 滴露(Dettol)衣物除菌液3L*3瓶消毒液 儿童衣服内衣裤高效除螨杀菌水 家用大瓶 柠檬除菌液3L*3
---
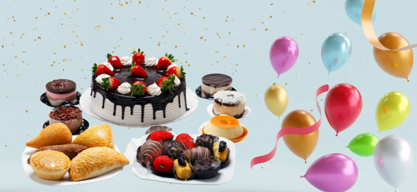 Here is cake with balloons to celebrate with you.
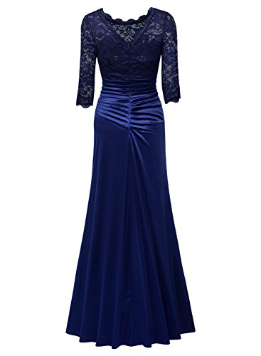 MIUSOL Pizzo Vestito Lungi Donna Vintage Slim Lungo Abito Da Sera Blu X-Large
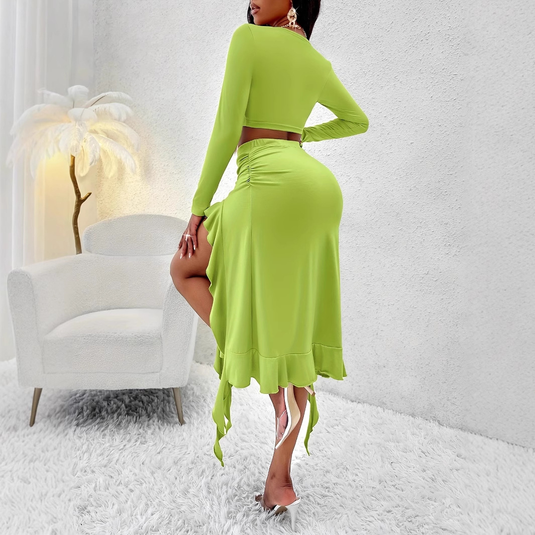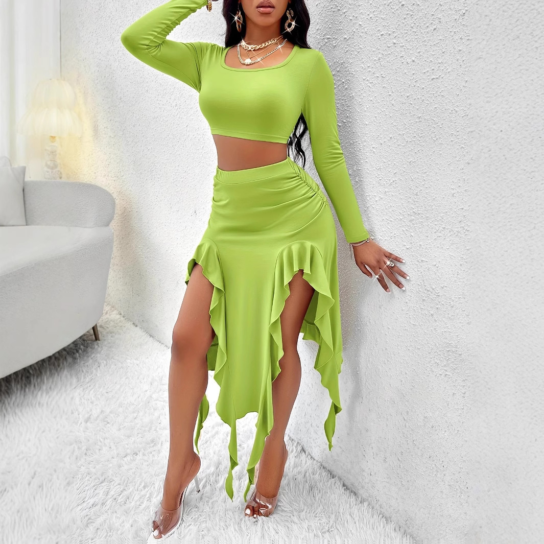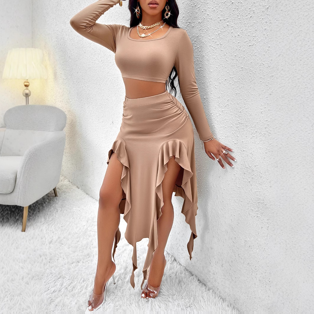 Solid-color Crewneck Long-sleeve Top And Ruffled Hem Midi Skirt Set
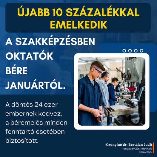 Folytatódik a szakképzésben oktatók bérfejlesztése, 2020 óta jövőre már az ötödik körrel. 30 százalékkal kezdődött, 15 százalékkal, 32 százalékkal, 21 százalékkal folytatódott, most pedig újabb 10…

• **Task item**: Once the line with "MIUSOL Pizzo Vestito" is found above, print it and every line after it through the line with "Folytatódik a szakképzésben", exactly. Pictures stay out.

• **Written answer**:
 MIUSOL Pizzo Vestito Lungi Donna Vintage Slim Lungo Abito Da Sera Blu X-Large
 Solid-color Crewneck Long-sleeve Top And Ruffled Hem Midi Skirt Set
 Folytatódik a szakképzésben oktatók bérfejlesztése, 2020 óta jövőre már az ötödik körrel. 30 százalékkal kezdődött, 15 százalékkal, 32 százalékkal, 21 százalékkal folytatódott, most pedig újabb 10…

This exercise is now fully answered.